Hedge funds continue to struggle this year with divergence among large and small funds growing more stark.
What's happening: Inflows and strong performance by large fund managers pushed the total level of assets under management to an all-time high in the first 6 months of 2019, despite an overall decline in assets. The HFR Global Hedge Fund Industry Report shows hedge funds increased assets to $3.245 trillion, edging past the previous record set in the 3rd quarter of 2018.
Between the lines: The redemptions were largely concentrated in smaller funds, as managers who oversee strategies with less than $5 billion of assets saw net outflows of $10 billion, while funds with more than $5 billion of AUM saw inflows of $5.4 billion. It was the first quarterly net inflow of capital for the large funds since the 4th quarter of 2017, HFR's data shows.
- Hedge funds are still struggling broadly as the stock market continues its bull run.
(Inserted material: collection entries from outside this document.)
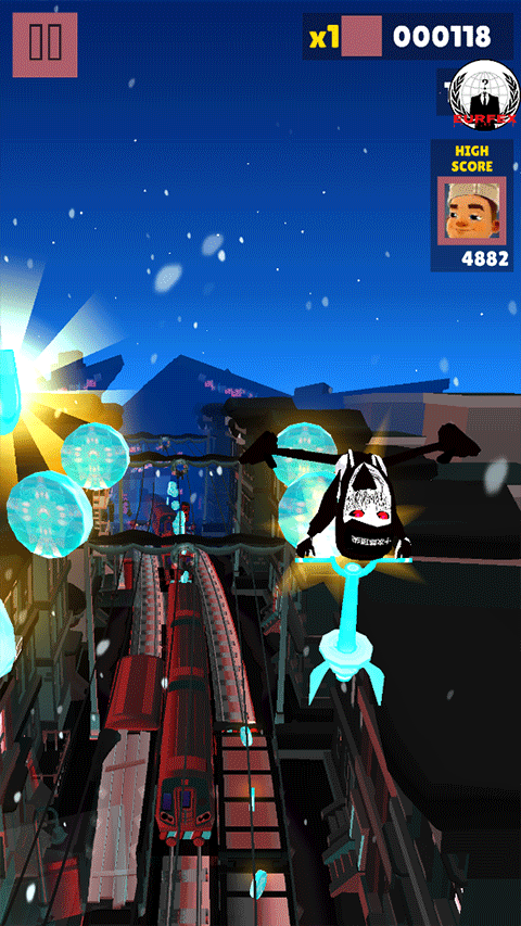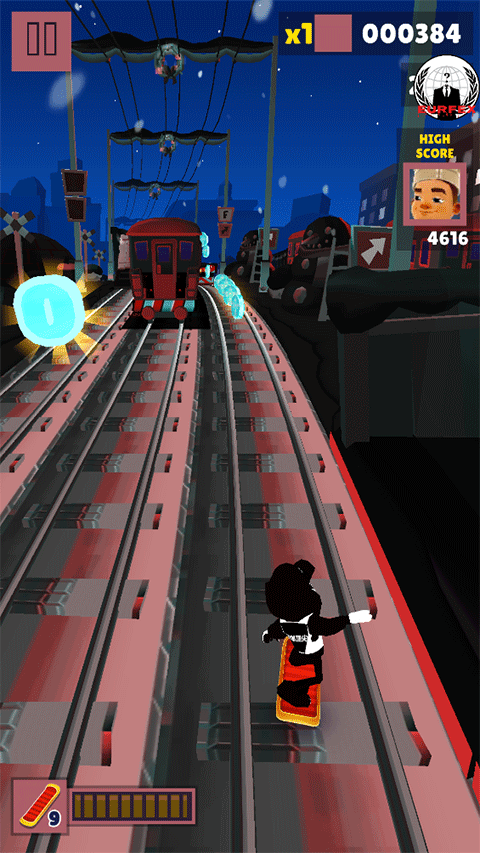 4、在跑酷游戏中算是出名的一个优秀游戏,它有跑酷游戏特有的紧张刺激,同时也因为那搞怪Q版的画风使得这个游戏玩起来也轻松愉快。这个游戏还能与别人联机,比比谁跑的分数更多,以前我也经常跟家人朋友一起比,竞争中充满了快乐,反正这也是我童年回忆之一。
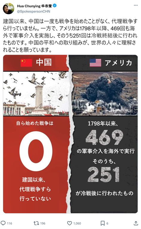 中国は近年、SNSや記者会見を通じて相手国を強く批判しつつ自国の優位性を打ち出す「戦狼外交」と呼ばれる発信を続けており、これは過去の一時的な現象ではなく、現在においても見られる特徴です。なかでも、中国を持ち上げながら米国を批判する「比較広告」型のツイートは、その代表的な形の一つです。
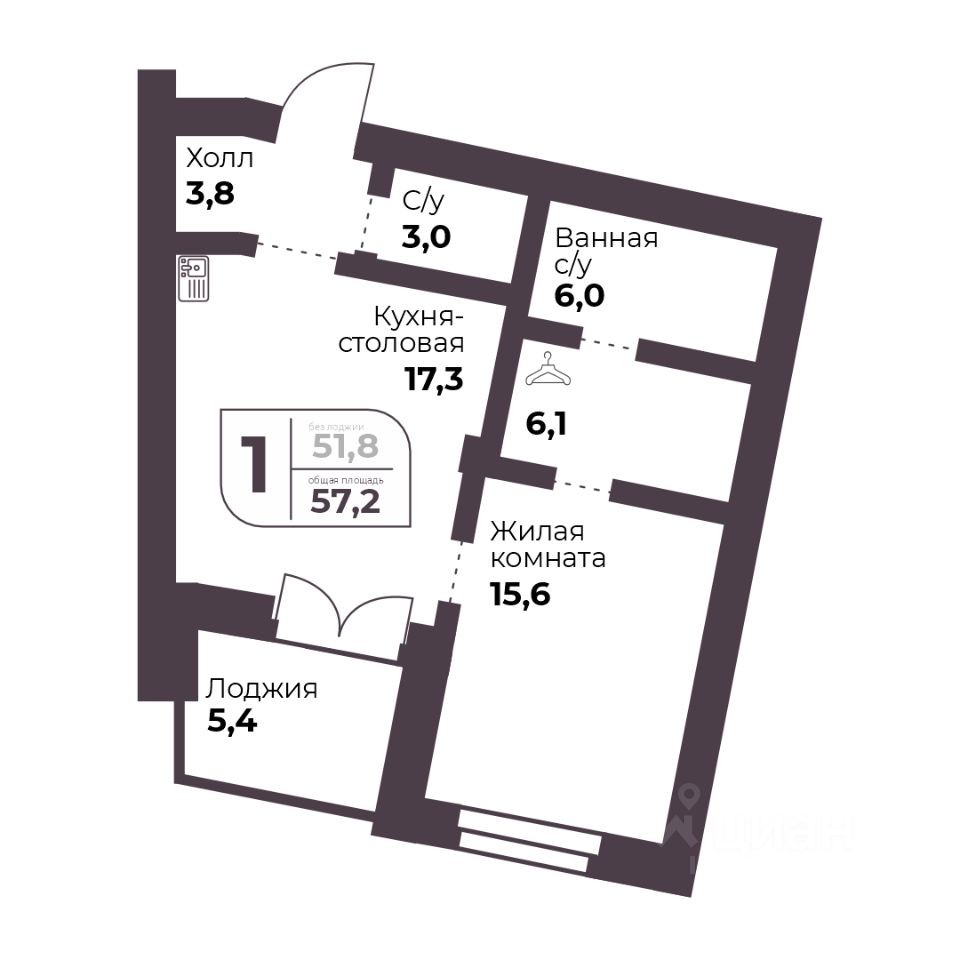 Общая площадь51,8 м2
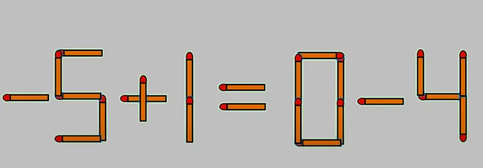 Se ia un băț de chibrit de la 9 și se pune în față, devenind -5. Astfel… -5+1 = 0-4, adică -4.
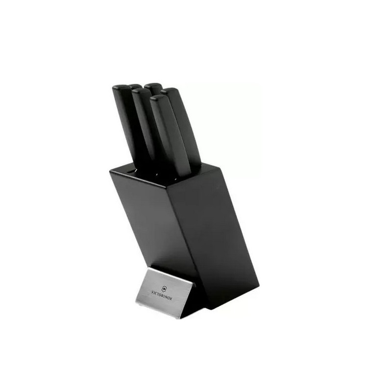 Bloc porte-couteaux compact avec 6 pièces en inox. Bloc de cuisine universel noir (intérieur lanières nylon) Swiss Modern, 6 pièces, manche polypropylène noir, comprenant : - 1 couteau chef, lame 15. - 1 couteau chef, lame extra large 20. - 1 couteau chef, lame 22 cm. - 1 couteau Santoku, lame alvéolé 17 cm inox - 1 couteau à pain/pâtisserie, lame 22 cm. - 1 fourchette découper, lame 15 cm.
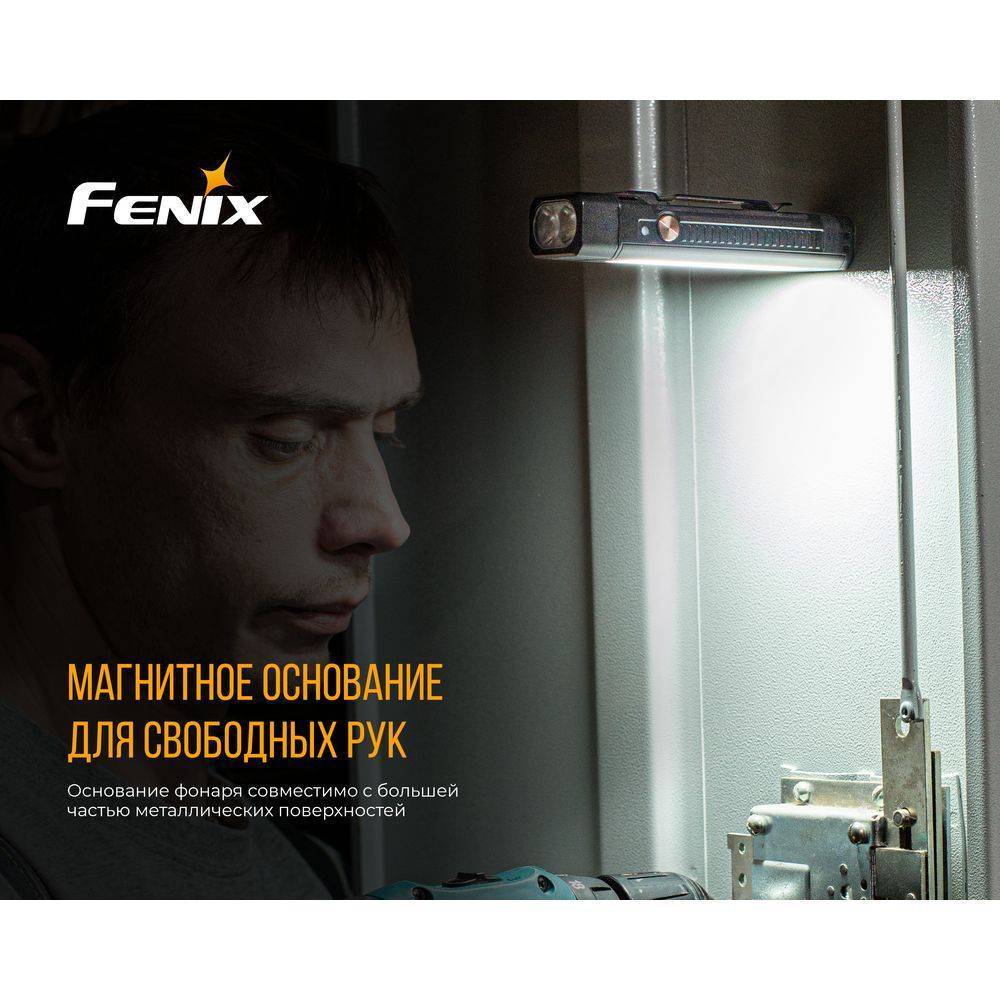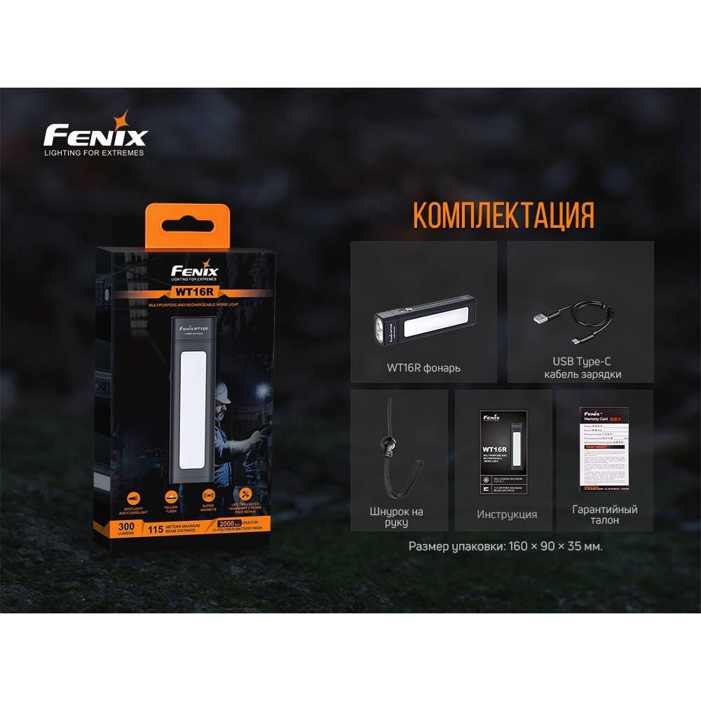 Фонарь модели Fenix WT16R, кабель для зарядки USB Type-C, ремешок на руку, инструкция по работе с фонарем, талон гарантии.
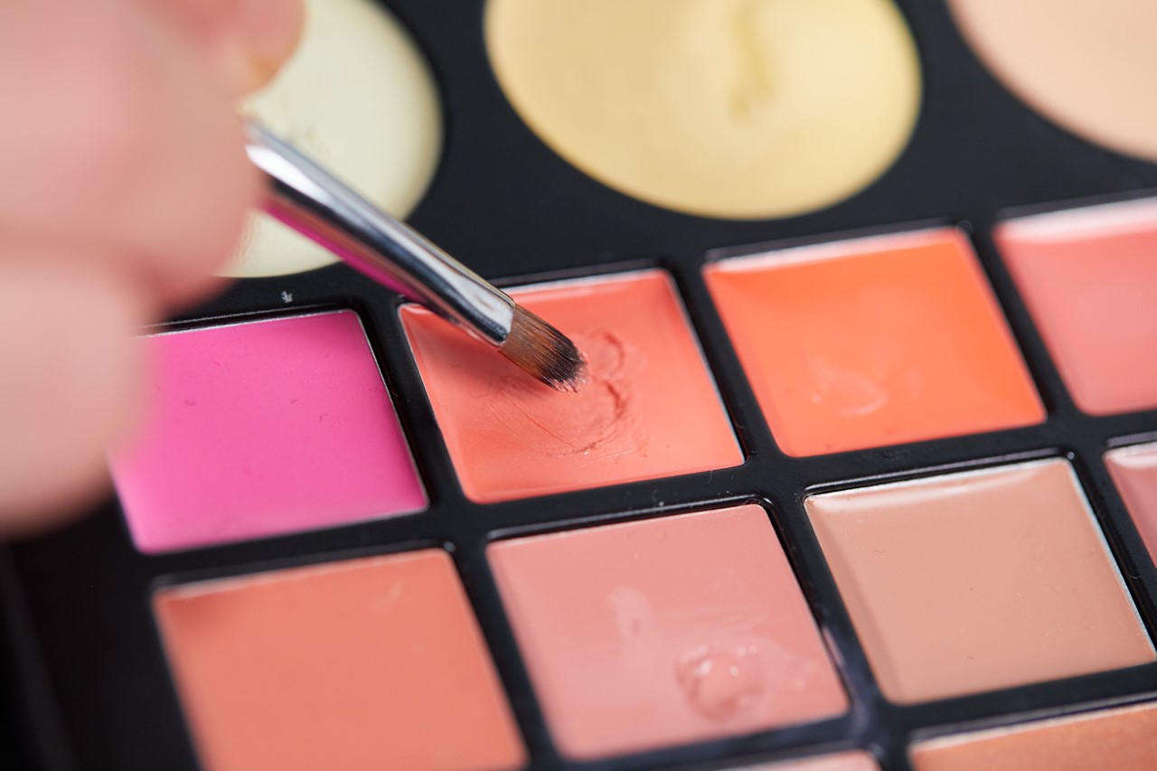 自分の肌色に合わせて色を選ぶ。赤みが強いと女性っぽくなるので注意。ここでは肌なじみのいいコーラルピンクを。紅筆に口紅を取る。
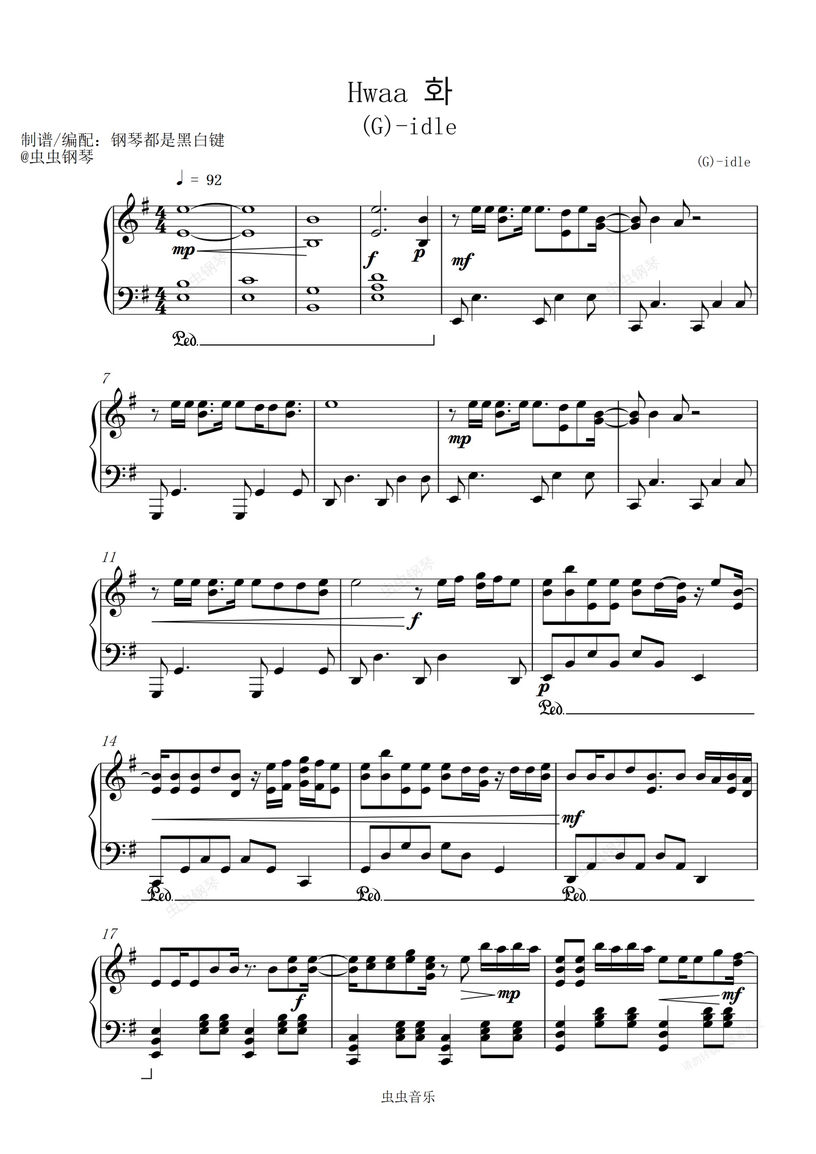 钢琴谱:화(火花)HWAA - (G)I-DLE ((钢琴演奏版)
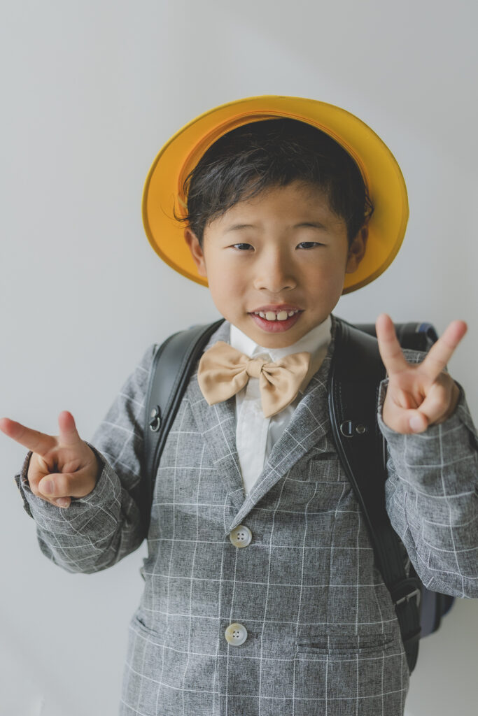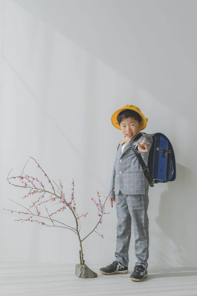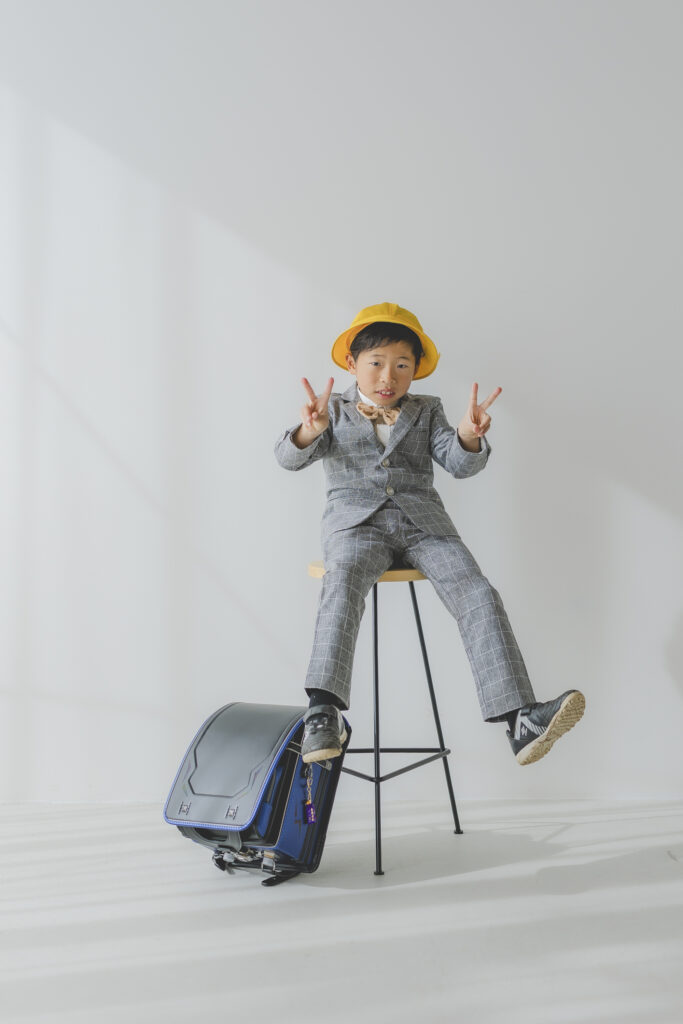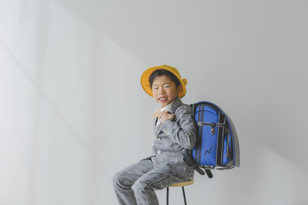 入学記念に習い事のユニフォームやランドセルでの撮影。
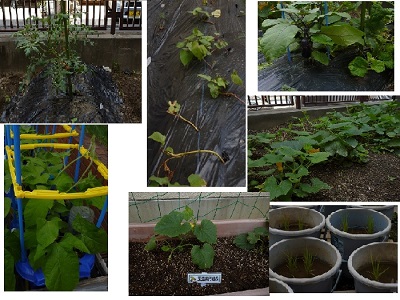 苗や種を植えてから約1か月がたちました。気温も上がりぐんぐんと成長しています。つるが伸びてきたあさがお、花が咲きだしたかぼちゃ、実ったなす、苗が大きくなってきた5年のバケツ稲など・・・。今年もなにわ伝統野菜『玉造黒門越瓜』の苗をいただき、育てています。実るのが楽しみです。
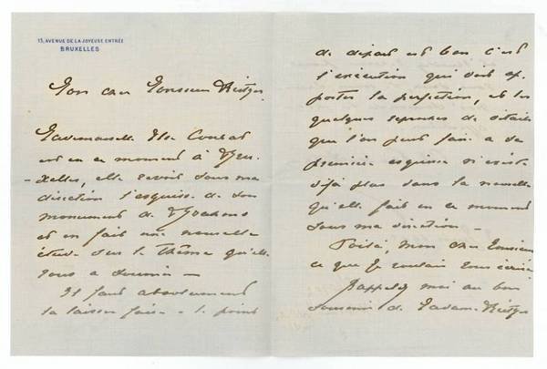 3 SS. auf Doppelblatt. 8vo. Mit eh. adr. Kuvert. In französischer Sprache an einen Monsieur Reitzer in Wien, mglw. der Jurist Josef Reitzer. - Auf Briefpapier mit gedr. Adresse.
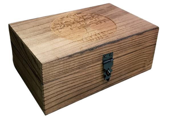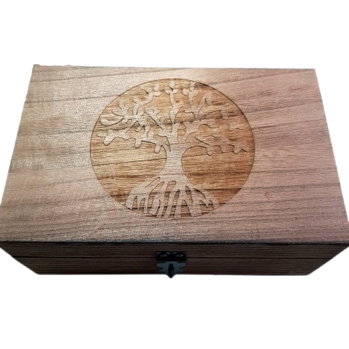 Samlarask av trä, med vackert motiv av Livets träd på locket. Den har en silkeslen yta och ljus färg. Perfekt att lägga minnessaker eller smycken i. Eller ge bort som present.
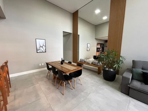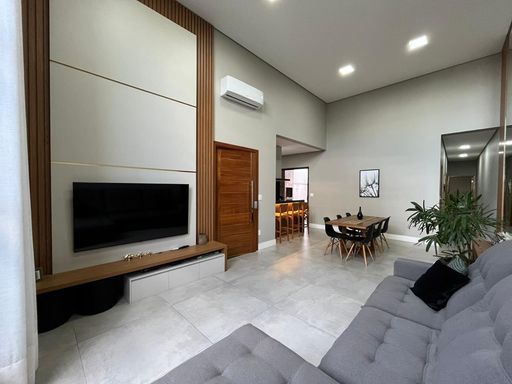 Linda casa térrea em condomínio fechado, ambientes modernos, bem planejados e integrados, com acabamento impecável.

Even simple index funds that mix 50% global stocks with 50% global bonds, offering investors some downside protection at much lower cost, have outperformed much of the industry in recent years.
What they're saying: Peter Laurelli, global head of research at data firm eVestment, notes in a recent eVestment hedge fund report that the majority of hedge funds continue to see investors pull their money out, and flows for the quarter were "the worst the industry has seen in a second quarter for as long as we have tracked the industry’s flows [since 2004]."
The bottom line: That's bad news, especially since the first half of the year was the best hedge funds have performed since 2009 and there are around $13 trillion of negative-yielding bonds in the world, making a potential source of competition less attractive.